Indirect effects of dark matter

TL;DR

This paper reviews potential indirect effects of dark matter, focusing on cosmic ray anomalies and gamma-ray constraints, exploring models to reconcile observations with dark matter decay or annihilation scenarios.

Contribution

It investigates how dark matter decay or annihilation could explain cosmic ray excesses while remaining consistent with gamma-ray observations, proposing specific model modifications.

Findings

Gamma-ray background constrains dark matter decay/annihilation interpretations.

Certain decay modes with identical fermions may evade gamma-ray constraints.

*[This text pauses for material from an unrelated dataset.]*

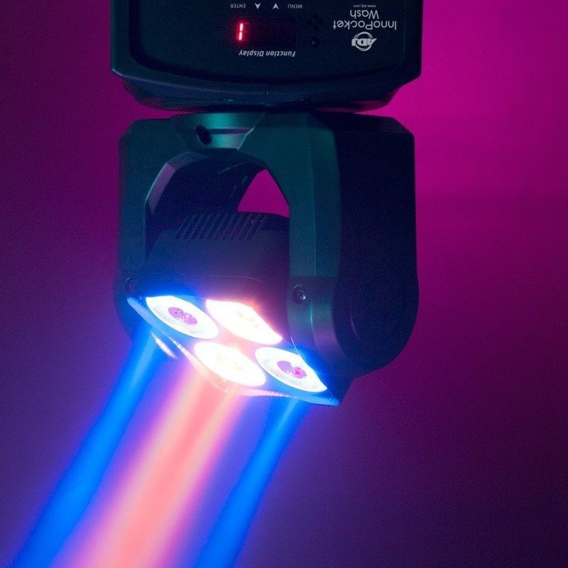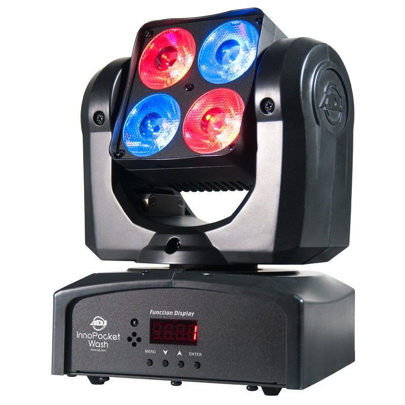 American DJ INNO POCKET WASH Moving Wash Head The Inno Pocket Wash is a mini Moving Head that creates beautiful washes of color with its 28-degrees beam angle. Its compact size and lightweight makes it ideal for mobile entertainers, small club and bars, roller rinks, bowling centers, churches or any mobile production.

Spatial distribution variations of dark matter can reconcile data.

Abstract

Here we briefly review possible indirect effects of dark matter (DM) of the Universe. It includes effects in cosmic rays (CR): first of all, the positron excess at $\sim$ 500 GeV and possible electron-positron excess at 1-1.5 TeV. We tell that the main and least model-dependent constraint on such possible interpretation of CR effects goes from gamma-ray background. Even ordinary $e^+e^-$ mode of DM decay or annihilation produces prompt photons (FSR) so much that leads to contradiction with data on cosmic gamma-rays. We present our attempts to possibly avoid gamma-ray constraint. They concern peculiarities of both space distribution of DM and their physics. The latter involves complications of decay/annihilation modes of DM, modifications of Lagrangian of DM-ordinary matter interaction, and inclusion of mode with identical fermions in final state. In this way, no possibilities to suppress were found except, possibly, mode with identical fermions. While the case of spatial distribution variation allows achieving consistency between different data. Also we consider stable form of dark matter which can interact with baryons. We show which constraint such DM candidate can get from damping effect in plasma during large scale structure formation in comparison with other existing constraints.